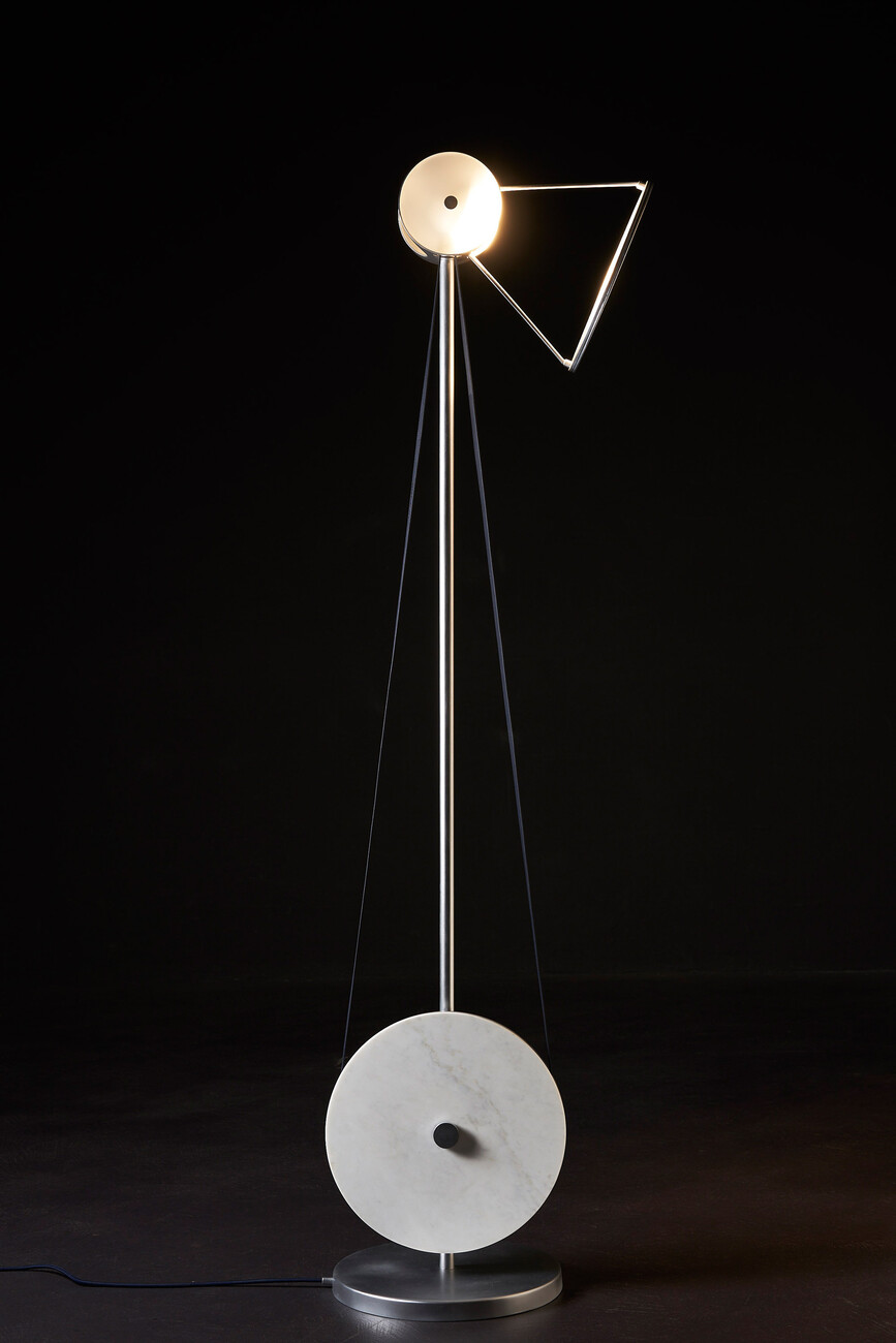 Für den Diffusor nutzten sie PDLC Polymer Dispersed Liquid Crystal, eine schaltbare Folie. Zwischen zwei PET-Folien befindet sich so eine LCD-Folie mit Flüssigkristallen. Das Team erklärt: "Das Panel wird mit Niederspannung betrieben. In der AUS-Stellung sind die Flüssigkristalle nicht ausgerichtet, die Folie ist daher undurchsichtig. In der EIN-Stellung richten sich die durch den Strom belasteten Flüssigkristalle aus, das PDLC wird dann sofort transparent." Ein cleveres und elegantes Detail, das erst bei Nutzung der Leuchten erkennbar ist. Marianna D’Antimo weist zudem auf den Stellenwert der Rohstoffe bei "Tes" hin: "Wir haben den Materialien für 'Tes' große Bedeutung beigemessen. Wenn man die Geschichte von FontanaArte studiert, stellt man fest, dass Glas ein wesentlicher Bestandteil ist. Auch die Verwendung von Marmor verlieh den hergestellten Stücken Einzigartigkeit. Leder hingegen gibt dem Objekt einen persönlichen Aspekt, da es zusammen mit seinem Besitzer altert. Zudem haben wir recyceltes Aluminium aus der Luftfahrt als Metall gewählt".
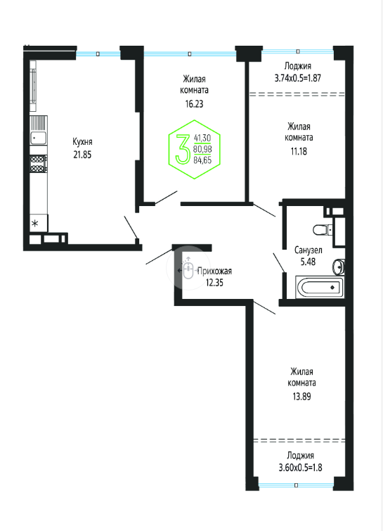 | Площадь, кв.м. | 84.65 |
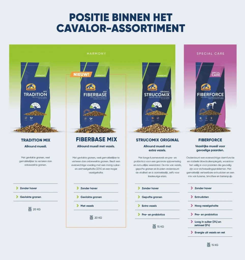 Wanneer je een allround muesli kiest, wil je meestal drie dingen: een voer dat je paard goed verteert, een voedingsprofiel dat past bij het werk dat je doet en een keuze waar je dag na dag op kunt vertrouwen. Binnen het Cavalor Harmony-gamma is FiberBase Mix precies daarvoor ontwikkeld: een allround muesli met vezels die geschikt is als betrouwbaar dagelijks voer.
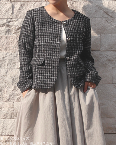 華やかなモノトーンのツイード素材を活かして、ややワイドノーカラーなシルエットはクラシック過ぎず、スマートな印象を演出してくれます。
---*---
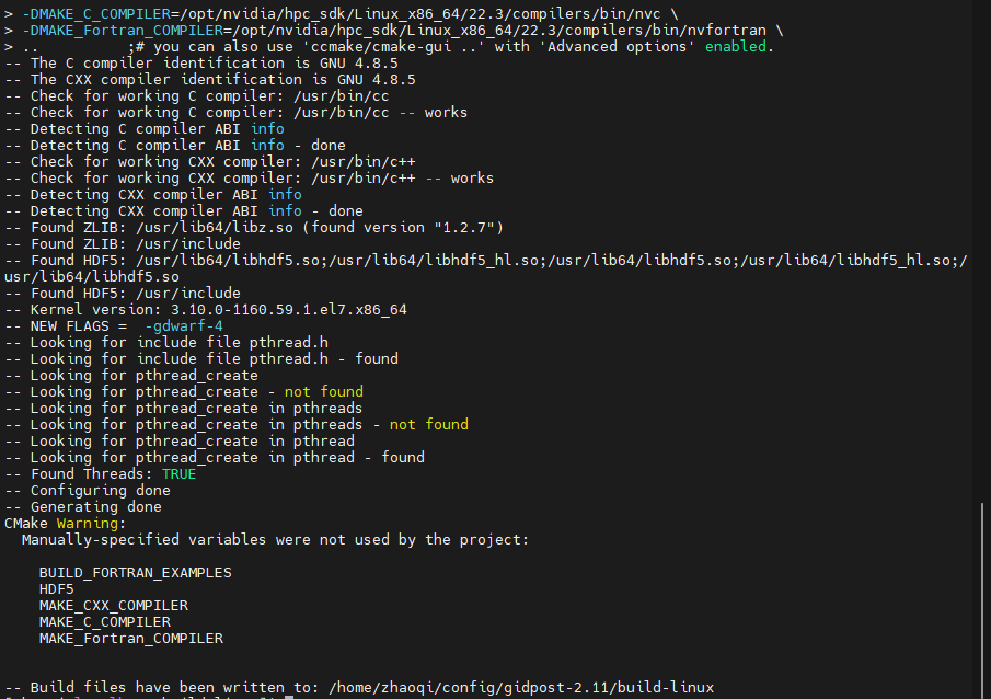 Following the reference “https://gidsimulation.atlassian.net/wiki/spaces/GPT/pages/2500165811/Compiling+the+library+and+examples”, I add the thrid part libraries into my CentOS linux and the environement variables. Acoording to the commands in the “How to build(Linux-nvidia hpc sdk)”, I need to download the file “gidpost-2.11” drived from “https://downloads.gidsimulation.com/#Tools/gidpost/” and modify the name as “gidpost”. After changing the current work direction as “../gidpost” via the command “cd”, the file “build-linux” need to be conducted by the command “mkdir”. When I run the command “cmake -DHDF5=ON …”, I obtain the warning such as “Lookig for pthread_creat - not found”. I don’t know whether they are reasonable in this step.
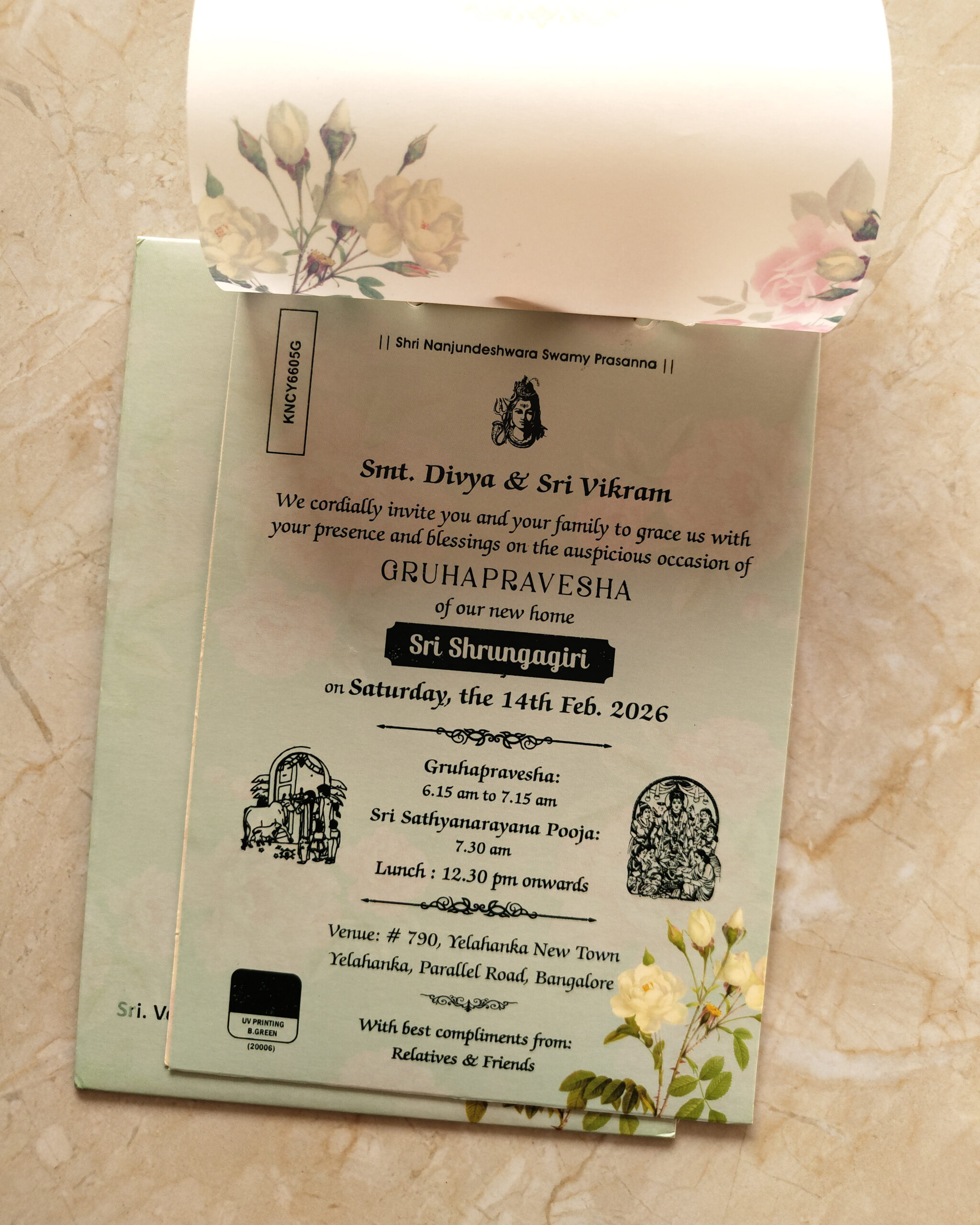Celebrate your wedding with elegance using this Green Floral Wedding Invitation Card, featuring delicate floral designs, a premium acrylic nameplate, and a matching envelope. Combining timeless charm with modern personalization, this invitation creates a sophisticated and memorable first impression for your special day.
---*---
Exercise instructions
Repeat exactly the stretch of the listing above that starts with the line holding "Wanneer je een" and finishes with the line holding "華やかなモノトーンのツイード", both included. Skip every picture.

Output
 Wanneer je een allround muesli kiest, wil je meestal drie dingen: een voer dat je paard goed verteert, een voedingsprofiel dat past bij het werk dat je doet en een keuze waar je dag na dag op kunt vertrouwen. Binnen het Cavalor Harmony-gamma is FiberBase Mix precies daarvoor ontwikkeld: een allround muesli met vezels die geschikt is als betrouwbaar dagelijks voer.
 華やかなモノトーンのツイード素材を活かして、ややワイドノーカラーなシルエットはクラシック過ぎず、スマートな印象を演出してくれます。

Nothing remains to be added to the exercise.